While Mavelimanrom is set in the period of
capitalist territorial colonialism and imperialism, Kocharethi
takes place at the fag end of this phase, in the early
half of the 20th century. It encloses a space
of transition from the colonial to the post colonial
within the imagined boundaries of the nation state.
Thus, situated in a later milieu of Indian history, Kocharethi
in a way addresses the questions of acculturation and
education of the subaltern, in short of the subaltern's
translation as 'appropriation'. Education as a necessary
ploy for moulding homogenous identities came packaged
with the label promising equality and liberty. But the
subaltern aspires for education in order to be liberated
from the land and its woes. Kocharethi is filled
with the new subaltern dream of a government job.

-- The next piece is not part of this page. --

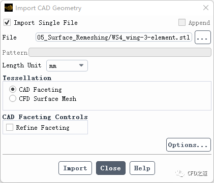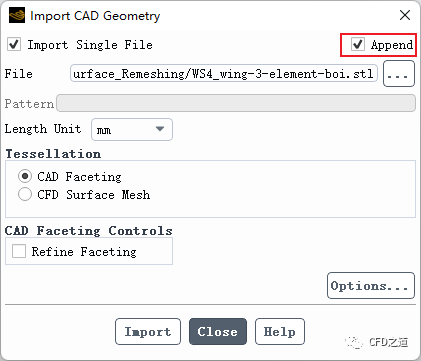 选择菜单File → Import → CAD… 打开文件导入对话框,激活选项 Append,导入几何文件WS4_wing-3-element-boi.stl

Narayan makes a feeble attempt to parody this process of
'modernizing' the tribal. But the novel fails in
demarcating a political position opposing colonial
modernity. The discourse of nationalism with its
dichotomies of material/spiritual, inner/outer,
resurfaces again and again in the novel with obvious
privileging of the spiritual and inner.
The novel Mavelimanrom is imbued with the
knowledge and critique of imperialism as the ugly face
of a particular kind of nationalism.
Kocharethi reveals the slow acculturation
of the native into the economy, culture and politics of
the nation state. The native in Kocharethi falls
prey to the project of colonial modernity, which the new
Indian state sets out to continue in order to prove its
capability to self-rule. As Partha Chatterjee points
out, Indian nationalism thus "produced a
discourse of which, even as it challenged the colonial
claim to political domination, also accepted the very
intellectual premise of 'modernity' on which colonial
domination was based”.
Kocharethi depicts the plight of the
native subaltern caught in the regulative politics of
the infallible nation state, and betrayed by the promise
of the participatory citizenship, struggling to find
voice amidst the homogenized
Babel
of nationalist discourses. Mavelimanrom in
contrast is a critique of the totalizing forms of
nationalist historicism. It aims to regain the native's
control over his/her own geography, language, literature
and history. Kocharethi is a case in point of the
'hybridity' of the 'colonialist text' when the subject
construction of the native is proscribed in the liberal
humanist tradition of modernity. Mavelimanrom on
the other hand is marked by an attempt at understanding
the 'native' before the process of his/her becoming a
native is initiated by the colonizer. So it evinces a
consciousness preceding colonization, which becomes the
mark of the spatial identity of the 'manrom’.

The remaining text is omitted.